We now use {dplyr} and %>% (pipe).

We can either add {dplyr} to Depends in our DESCRIPTION file but that would load the whole {dplyr} library and maybe we don’t want to do that.

We can add {dplyr} to Imports but how to get %>%? Add a file import_packages.R to the R folder (the name of the file is unimportant).

#' @importFrom magrittr %>%
NULL

How would I ever remember this?? Sadly if your use piping, you’ll gets lots of practice with this.

Data package in R

Open this link, ToyDataPackage

A data package can be exactly the same as a code package except that you don’t have much in the R folder and you have a lot in the data folder.
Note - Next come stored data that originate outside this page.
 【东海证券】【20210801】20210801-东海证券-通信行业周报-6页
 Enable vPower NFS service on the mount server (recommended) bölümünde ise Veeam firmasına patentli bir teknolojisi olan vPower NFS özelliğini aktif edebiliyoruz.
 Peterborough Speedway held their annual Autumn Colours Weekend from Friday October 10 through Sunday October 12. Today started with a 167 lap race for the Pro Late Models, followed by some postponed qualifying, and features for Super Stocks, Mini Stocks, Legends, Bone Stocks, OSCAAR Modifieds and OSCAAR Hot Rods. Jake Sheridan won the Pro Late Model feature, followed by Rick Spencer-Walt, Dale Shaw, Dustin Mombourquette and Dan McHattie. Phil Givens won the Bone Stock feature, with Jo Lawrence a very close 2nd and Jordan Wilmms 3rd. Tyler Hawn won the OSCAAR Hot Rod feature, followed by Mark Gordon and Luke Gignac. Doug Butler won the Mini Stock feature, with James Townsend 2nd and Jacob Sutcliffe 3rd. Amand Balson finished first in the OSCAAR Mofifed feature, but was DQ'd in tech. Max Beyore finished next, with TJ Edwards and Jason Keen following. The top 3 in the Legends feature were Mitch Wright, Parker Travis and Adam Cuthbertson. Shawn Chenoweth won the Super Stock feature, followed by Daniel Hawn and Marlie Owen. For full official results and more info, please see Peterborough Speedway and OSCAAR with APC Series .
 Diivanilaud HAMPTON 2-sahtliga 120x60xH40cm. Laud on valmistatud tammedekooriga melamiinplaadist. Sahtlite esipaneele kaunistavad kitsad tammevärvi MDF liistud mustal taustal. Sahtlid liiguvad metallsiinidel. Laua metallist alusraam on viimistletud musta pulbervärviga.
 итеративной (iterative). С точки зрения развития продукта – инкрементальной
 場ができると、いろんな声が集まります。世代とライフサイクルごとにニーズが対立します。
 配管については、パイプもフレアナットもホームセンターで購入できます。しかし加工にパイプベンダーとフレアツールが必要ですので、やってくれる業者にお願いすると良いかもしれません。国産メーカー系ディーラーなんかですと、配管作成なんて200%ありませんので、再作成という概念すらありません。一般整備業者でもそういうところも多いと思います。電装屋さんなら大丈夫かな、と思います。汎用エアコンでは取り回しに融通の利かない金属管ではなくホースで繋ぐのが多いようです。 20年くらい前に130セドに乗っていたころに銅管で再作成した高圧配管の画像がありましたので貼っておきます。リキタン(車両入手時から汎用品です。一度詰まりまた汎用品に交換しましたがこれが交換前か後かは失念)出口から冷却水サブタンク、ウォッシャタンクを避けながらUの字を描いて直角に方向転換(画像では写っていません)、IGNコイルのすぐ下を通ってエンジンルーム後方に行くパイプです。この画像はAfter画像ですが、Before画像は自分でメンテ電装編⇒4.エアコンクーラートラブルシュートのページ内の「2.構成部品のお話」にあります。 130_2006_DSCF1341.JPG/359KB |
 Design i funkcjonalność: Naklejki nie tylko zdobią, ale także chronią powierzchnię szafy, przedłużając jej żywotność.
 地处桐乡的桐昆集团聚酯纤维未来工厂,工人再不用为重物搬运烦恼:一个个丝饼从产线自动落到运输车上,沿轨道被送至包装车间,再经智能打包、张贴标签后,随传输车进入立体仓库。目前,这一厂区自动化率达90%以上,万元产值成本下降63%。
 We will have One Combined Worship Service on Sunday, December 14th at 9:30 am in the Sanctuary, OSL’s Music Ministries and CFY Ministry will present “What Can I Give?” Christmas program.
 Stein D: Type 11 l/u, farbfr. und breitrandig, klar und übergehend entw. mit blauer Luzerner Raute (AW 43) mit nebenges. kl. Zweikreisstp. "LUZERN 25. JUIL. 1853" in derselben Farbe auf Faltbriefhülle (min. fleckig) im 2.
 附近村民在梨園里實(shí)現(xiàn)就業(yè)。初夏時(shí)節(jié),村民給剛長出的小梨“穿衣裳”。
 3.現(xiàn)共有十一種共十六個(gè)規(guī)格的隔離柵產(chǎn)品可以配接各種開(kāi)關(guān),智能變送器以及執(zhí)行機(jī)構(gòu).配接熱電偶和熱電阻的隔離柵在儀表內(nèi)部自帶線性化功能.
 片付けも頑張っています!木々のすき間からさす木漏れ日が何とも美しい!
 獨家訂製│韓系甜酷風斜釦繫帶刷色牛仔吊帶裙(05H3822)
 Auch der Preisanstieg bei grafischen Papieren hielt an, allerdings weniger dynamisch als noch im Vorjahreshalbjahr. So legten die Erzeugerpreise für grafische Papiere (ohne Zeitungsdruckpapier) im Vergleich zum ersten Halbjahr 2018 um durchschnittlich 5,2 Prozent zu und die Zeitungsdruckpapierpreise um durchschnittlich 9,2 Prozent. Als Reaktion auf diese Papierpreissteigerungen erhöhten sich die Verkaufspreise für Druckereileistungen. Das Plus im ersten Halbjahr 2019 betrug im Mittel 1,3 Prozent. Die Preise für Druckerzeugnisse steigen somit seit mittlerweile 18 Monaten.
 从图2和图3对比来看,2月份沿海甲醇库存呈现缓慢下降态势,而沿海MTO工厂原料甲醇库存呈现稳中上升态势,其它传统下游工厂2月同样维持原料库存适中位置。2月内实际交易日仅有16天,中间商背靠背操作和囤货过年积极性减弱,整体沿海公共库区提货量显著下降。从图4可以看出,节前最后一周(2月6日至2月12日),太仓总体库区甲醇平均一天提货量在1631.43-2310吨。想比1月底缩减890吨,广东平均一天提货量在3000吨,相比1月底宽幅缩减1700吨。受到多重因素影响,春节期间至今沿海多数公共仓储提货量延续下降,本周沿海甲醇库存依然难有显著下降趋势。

A “data” package is just dedicated to data. There is nothing else very special about it.

New parts of the package

  1. A data-raw folder. Optional but can but used for the raw data.
  2. data folder. Required. Your data save as rda or RData.
  3. An R script in the R folder with documentation for your data.

Example

cars2 <- read.csv("data-raw/cars2.csv", row.names=1)
save(cars2, file="data/cars2.rda")

And then in the R folder is data-cars2.R. Tip, it is good to give your data documentation scripts a clear name tag to distinguish them from functions.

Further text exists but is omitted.